Task goal
When you reach the line that contains "Steckbares Unterteil Kabelabzweigkasten", give it back exactly along with each line after it to the end of the entries; skip any pictures.

Records drawn from a dataset
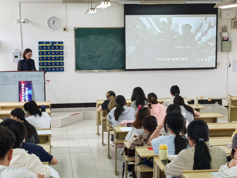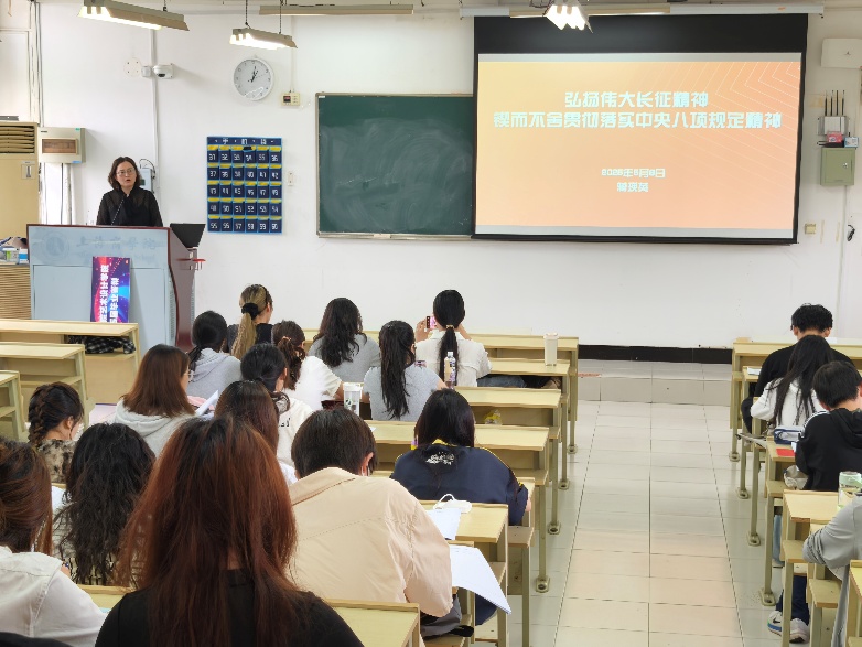 为扎实推进深入贯彻中央八项规定精神学习教育,持续深化作风建设,进一步提升学生的党性纪律修养,端正入党动机,2025年5月6日,艺术设计学院、工商管理学院、商务经济学院分党校第三期入党积极分子培训班第三讲在2号楼506展开。本次培训主题为“弘扬伟大长征精神 锲而不舍贯彻落实中央八项规定精神”,主讲人为上海健康医学院组织部副部长蒋瑛英。
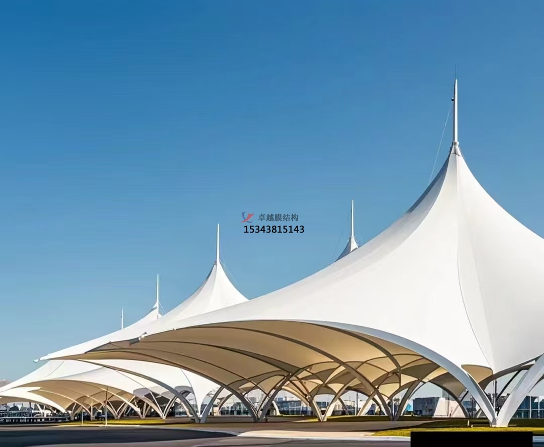 在各大交通樞紐,諸如機場、火車站的站前廣場,膜結(jié)構(gòu)雨棚的設(shè)計既便利了旅客出行,又以其醒目的形態(tài)有效引導(dǎo)了人流。以北京首都國際機場的T3航站樓為例,其前方的巨大膜結(jié)構(gòu)雨棚宛如一只振翅欲飛的鯤鵬,氣勢恢宏。它不僅滿足了實際使用需求,更成為機場一道別具一格的風(fēng)景線,給過往旅客留下了難以忘懷的印象。
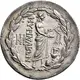 | Reverse description | Apollo Orynios standing right, holding branch and phiale; at his feet, omphalos and amphora. In inner left field, monogram. All within wreath. |
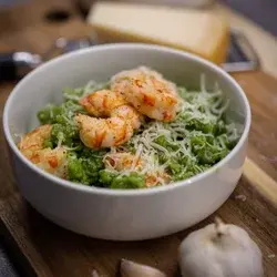 Podczas gdy spätzle się gotują i nadmiar wilgoci odparowuje, obficie zetrzyj ser Parmezan bezpośrednio na danie na patelni. Mieszaj, aby się roztopił i pokrył spätzle i krewetki.
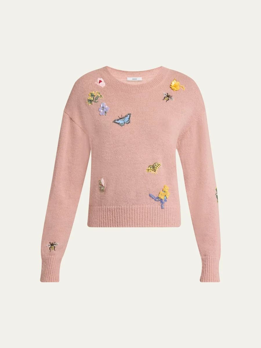 Embellished with colorful embroidery featuring butterflies, bugs, and flowers, this textural sweater from Erdem pays homage to Maria Sibylla Merian. Ribbed finishes on the collar, cuffs, and hem Crew neckline Long sleeves Dropped shoulders Pullover style Polyamide/alpaca/wool Imported
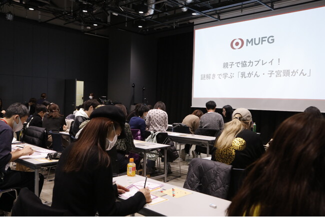 MUFGは2022年よりJSFPへの支援を始め、急増する乳がんや子宮頸がんの知識の向上や予防のための情報発信に取り組んできました。今回は、若い世代の方にも興味関心を持ってもらえるよう、若年層に人気の高い「謎解き」を活用した、体験イベントを実施。謎解き体験イベント後は、JSFPの先生方による乳がん・子宮頸がんに関する講義も開催しました。当日は50名以上が参加し、10歳前後のお子さまから親世代まで、男女問わず幅広い年代の方々に参加いただきました。
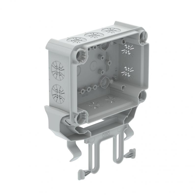 Steckbares Unterteil Kabelabzweigkasten mit Universal-Befestigungselement zur Montage an Kabelrinnen. Unbestückt, ohne Deckel. Halogenfreies Material und UV-resistent. Flammwidrig nach DIN EN 60695-2-11, Prüftemperatur 650°C. Schlagfestigkeit IK07 bei Raumtemperatur. Schutzart IP30.
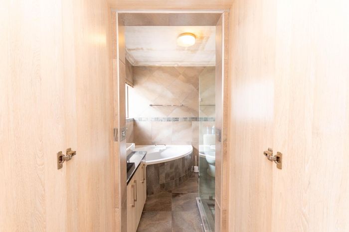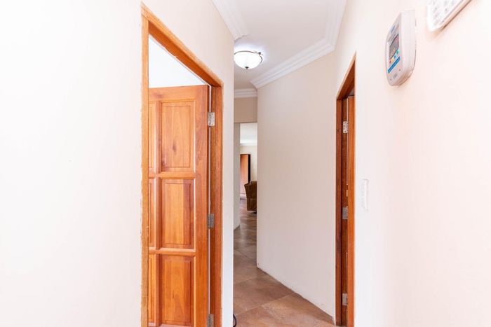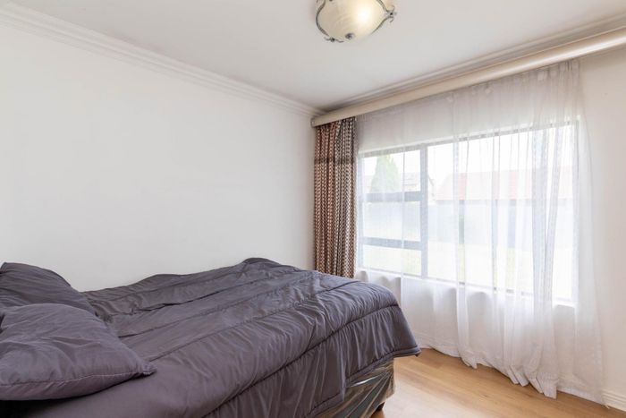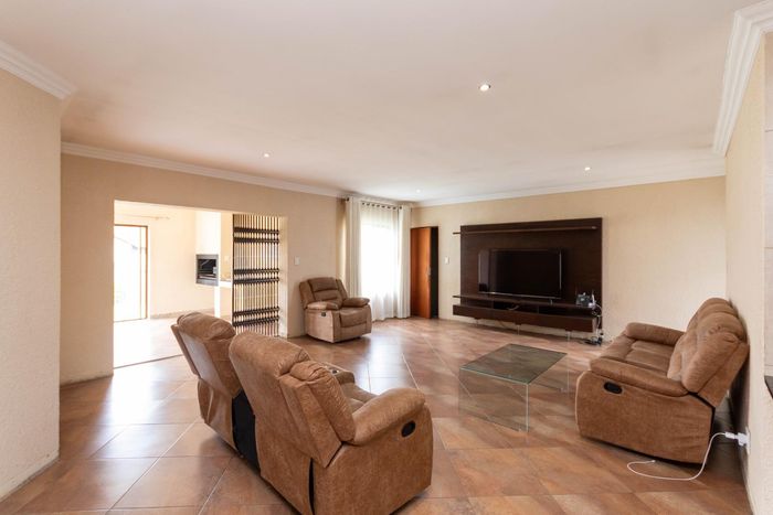 Active family life in an access-controlled estate with clubhouse and sports fields. Enclosed patio with built-in braai overlooks private pet-friendly garden; 3 beds, 2 baths, double garage.
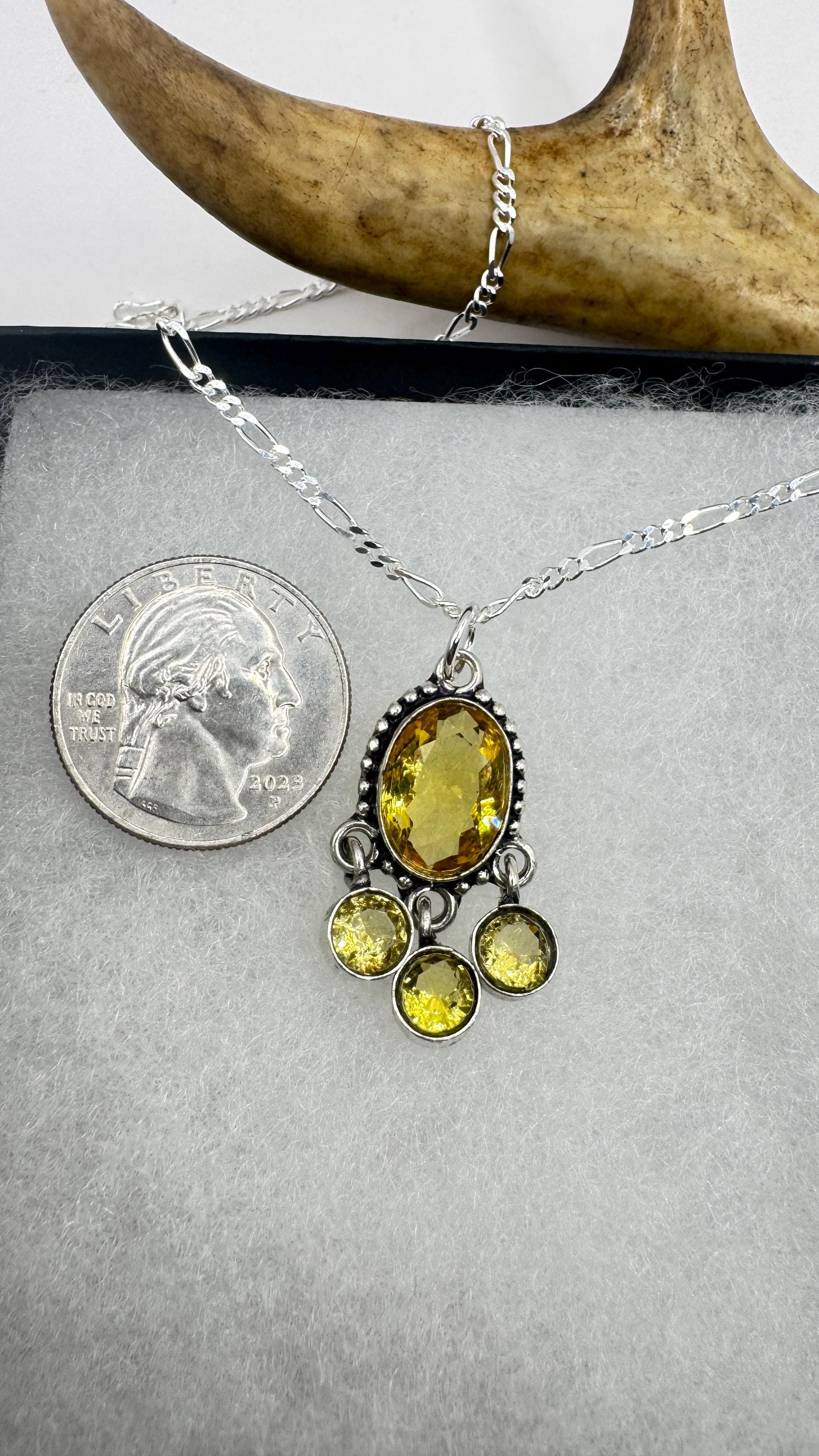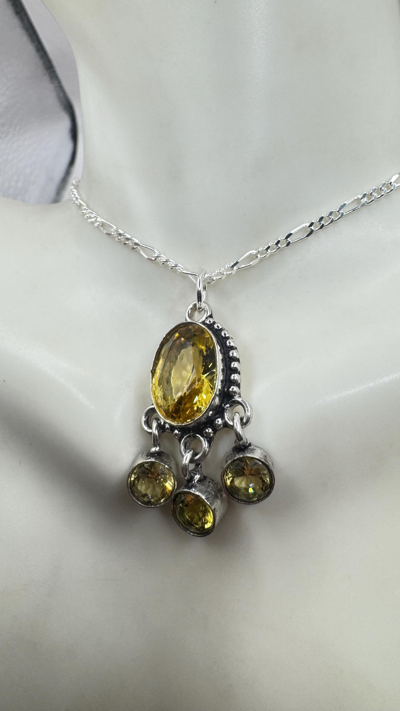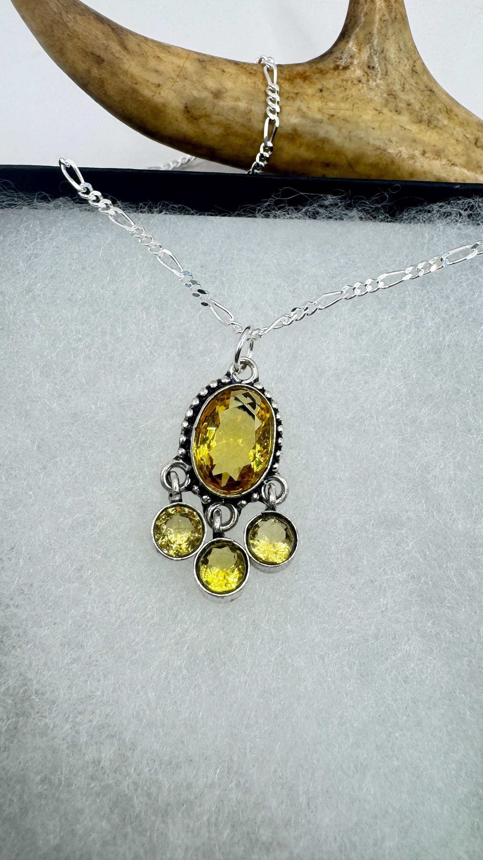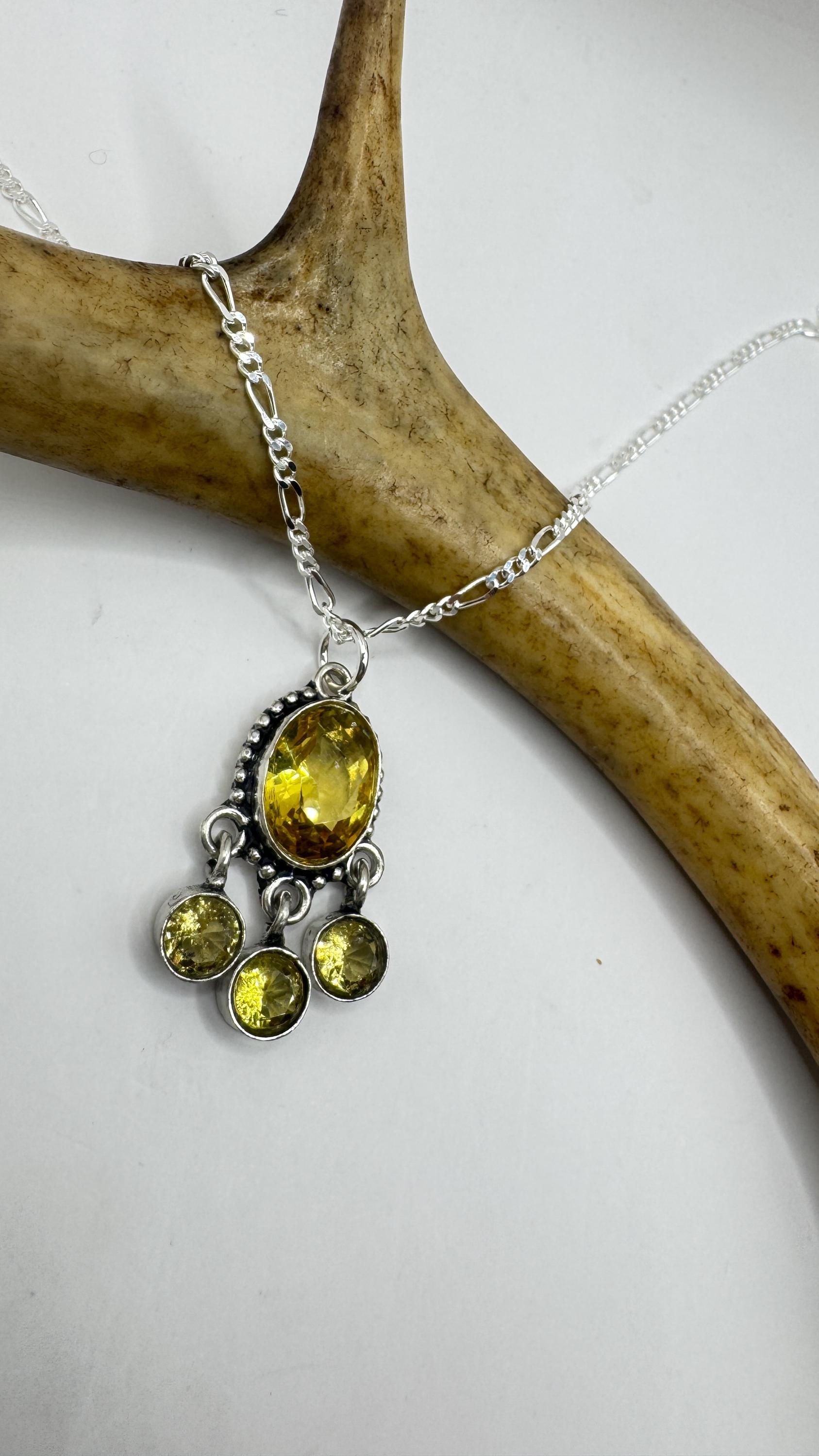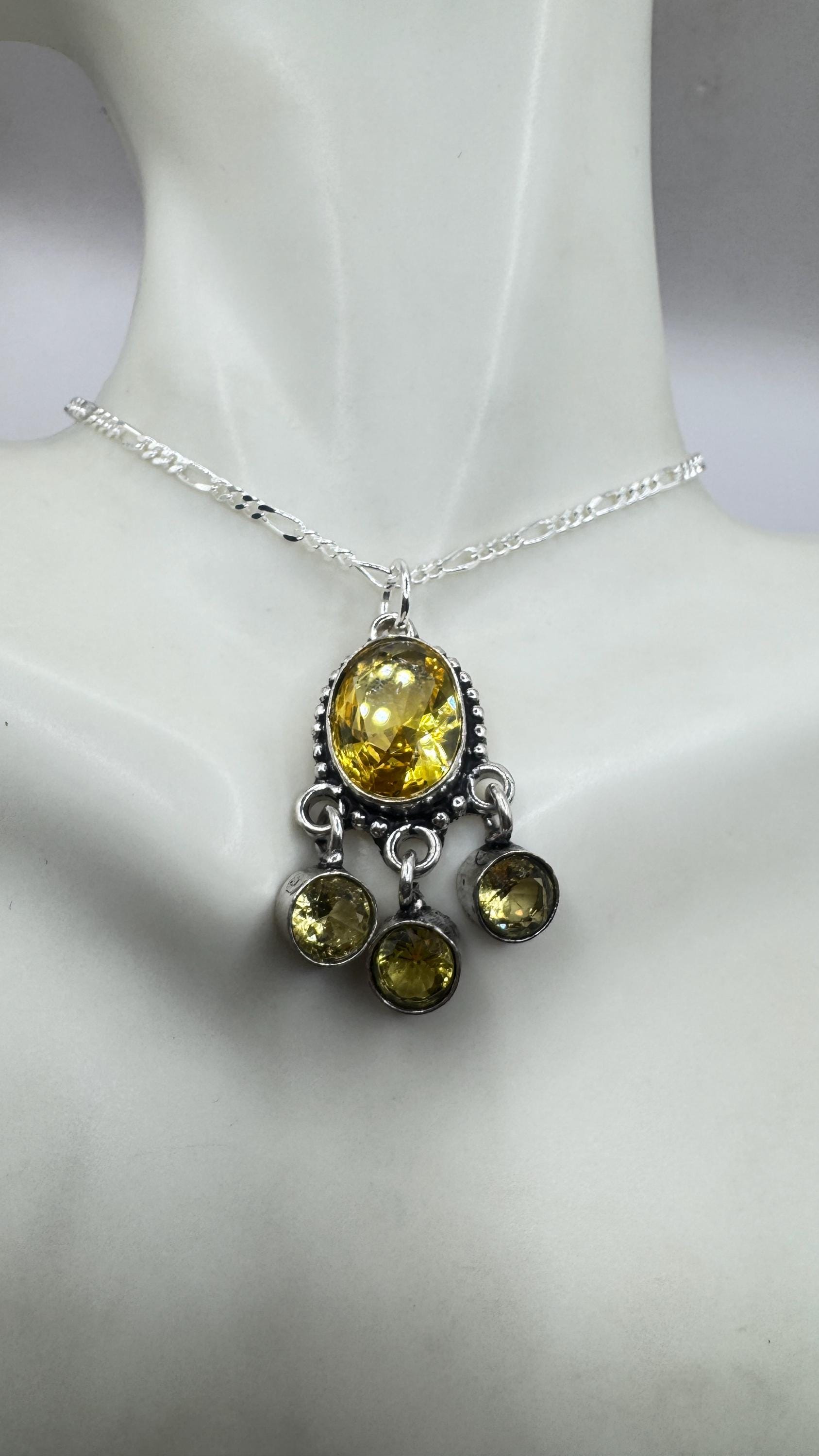 Vintage Citrine Necklace 925 Sterling Silver Chain | Statement Choker Stacking Layered

Task result
 Steckbares Unterteil Kabelabzweigkasten mit Universal-Befestigungselement zur Montage an Kabelrinnen. Unbestückt, ohne Deckel. Halogenfreies Material und UV-resistent. Flammwidrig nach DIN EN 60695-2-11, Prüftemperatur 650°C. Schlagfestigkeit IK07 bei Raumtemperatur. Schutzart IP30.
 Active family life in an access-controlled estate with clubhouse and sports fields. Enclosed patio with built-in braai overlooks private pet-friendly garden; 3 beds, 2 baths, double garage.
 Vintage Citrine Necklace 925 Sterling Silver Chain | Statement Choker Stacking Layered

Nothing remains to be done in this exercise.